French Open Serves New Challenges for ESPN

Following January’s Australian Open, ESPN had a three-month hiatus between Grand Slam tennis events. This Sunday, the network will kick off its tour of the remaining three Slams, beginning with the French Open, and, without a comprehensive live schedule or cameras of its own, the ESPN team faces some new production challenges in Paris.

“This is really the start of our season,” says Jamie Reynolds, VP of event production for ESPN. “With the full rock-and-roll tour of Paris to London and on to New York, this is the first of a building progression of trying to bring all of our assets and personalities together to tell good stories over a 14-day run.”

A Creative Production Plan
Overall, ESPN2 will present more than 56 hours of coverage from Roland Garros in Paris, beginning each day at noon. ESPN2 will go live on-air directly following the morning live coverage on Tennis Channel and continue until 6:30 p.m. ET (after midnight in Paris), when the network will re-air matches from earlier in the day. This requires a creative production plan on the part of ESPN to keep fans engaged and watching during primetime hours, even if they already know who won the match.

“What we’re trying to do now is make that whole window a better sporting event, because we are partially on tape and partially live,” Reynolds explains. “Throughout the day, we’ll be packaging and deconstructing more of the matches that happened during the day. For the taped matches, where potentially people have the results already, how are we going to make it an entertaining watch?”

The answer, primarily, lies in the use of Orad’s MVP tracking system. Reynolds’s team has used the Orad graphics tools to deconstruct, telestrate, and amplify the importance of tennis matches for the past few Slam events.

“That is becoming a very valuable tool for us as we endeavor to change the complexion of what is essentially a world feed,” Reynolds says. “Those tools allow us to give the coverage a signature look.”

With the other Slam events, ESPN is given a few cameras to control on its own and can enhance the look of its coverage by using those cameras in creative ways.

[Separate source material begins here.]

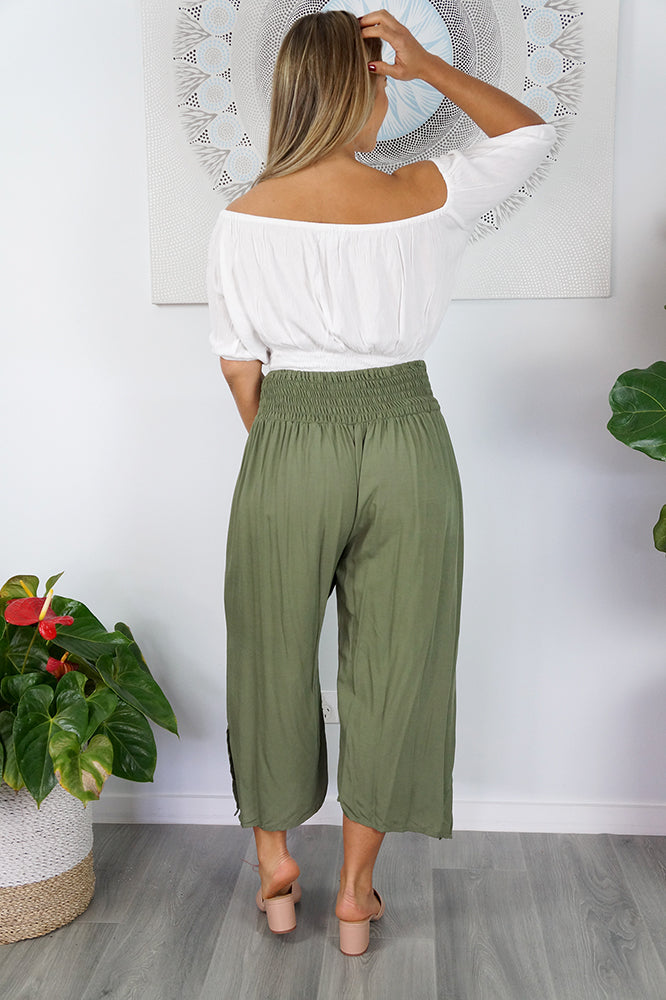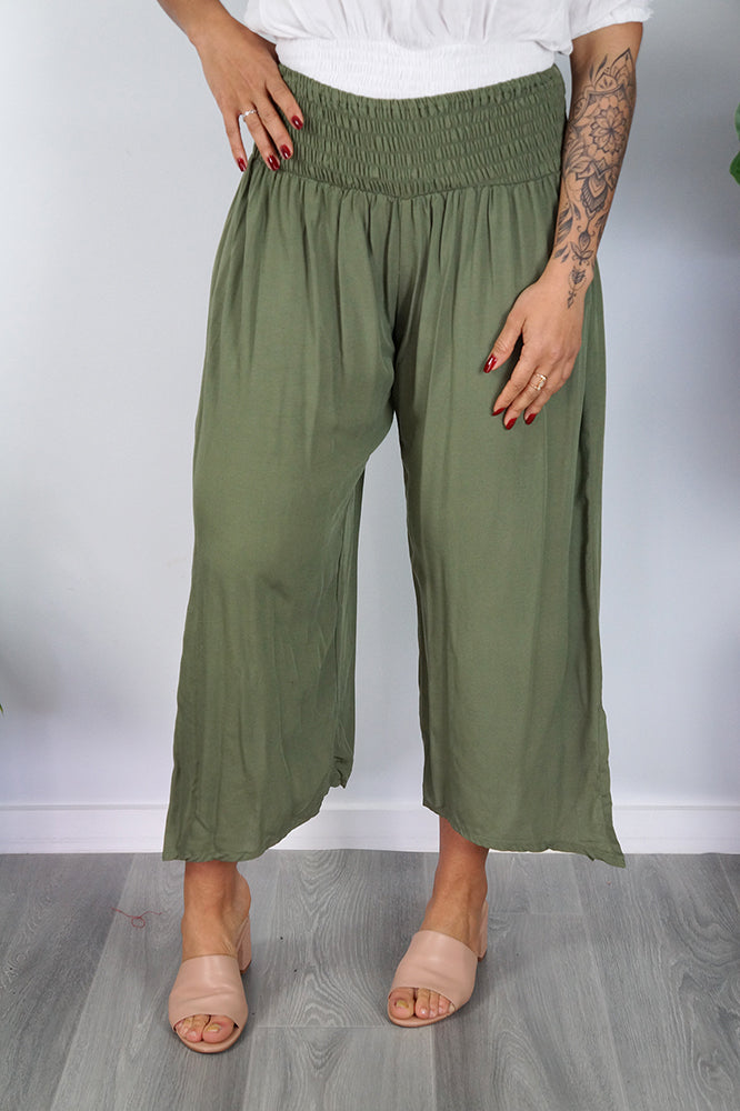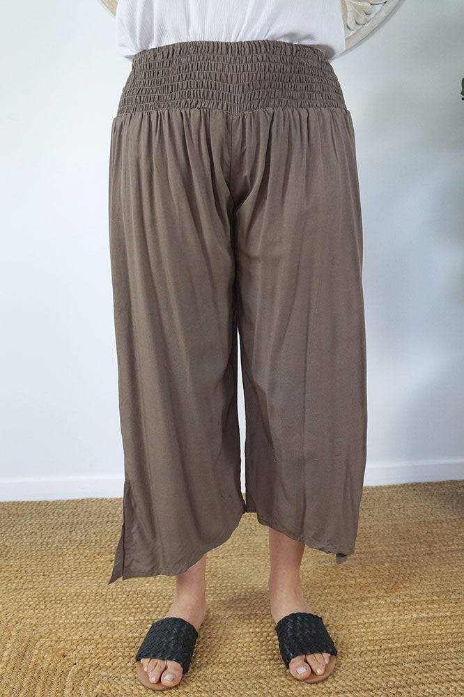 Crafted with a shirring elastic waist, wide leg, and adjustable ties, the 3/4 Bazzar pant in "Plain" colours is the perfect everyday garment for sizes 10-16.

For the French Open, however, the network does not have that luxury and is at the mercy of the world feed, over which Tennis Channel and NBC have some control, depending on the day.

From Live to Tape
The workflow of the French Open is different from that of any other Slam event because of the six-hour time difference between Bristol, CT, and Paris and the inversion of ESPN coverage windows.

“We start every day taping the best matches available,” Reynolds says. “During the course of that production window, Tennis Channel is live with the first part of the day, and we pick up the back half of the day live [noon–6:30 p.m. ET]. Starting at 7 a.m. ET, we start processing and lining up the best matches of the day, so that, when we join live, we can be in a fully functional update of what has transpired on the day so far.”

After play concludes, by 6:30 p.m. ET, the announce team tosses the coverage back to network headquarters in Bristol for playback of matches from earlier in the day, which were ingested in the morning hours.

“We’ll lace that taped playback with augmented joined-in-progress segments,” Reynolds adds. “Those will be interviews, expanded highlights, or expanded deconstruction with almost a SportsCenter feel. There will be more of a news and information feel to it to keep people in a second level of appreciation of what has transpired today and how it will affect play tomorrow.”

In addition to the televised coverage, ESPN3.com will offer 270 live hours of multi-court offerings online, beginning May 23 and continuing throughout the tournament. The broadband channel will offer matches on courts not televised on ESPN2, as well as the network’s programming, either live or delayed. Matches will also be available after they finish, on-demand.

Back in the Swing of Things
The French Open is a production challenge for ESPN but also a chance for the network to get ready for the Grand Slam season.

“We look at it as our ability to get a major done in advance of Wimbledon,” Reynolds says. “We can put our systems in place and turn smart content around coming out of the world feed. The edit facilities that we have on-site give it the look and feel and the branding of ESPN, and the deconstruction of highlights, replays, and storytelling can bolster more than just conventional coverage of a match.”

The Next Dimension
Orange France will once again produce the French Open in 3D, and ESPN’s team on-site will be watching closely, and taking plenty of notes.

“This is Orange’s third year of 3D production,” Reynolds points out. “In the coverage, you really have to rethink the position of the primary cameras to enhance that 3D experience. We’re hoping that we’re going to learn a lot watching what Orange is doing, and, hopefully, we gain some momentum going into New York [for the U.S. Open].”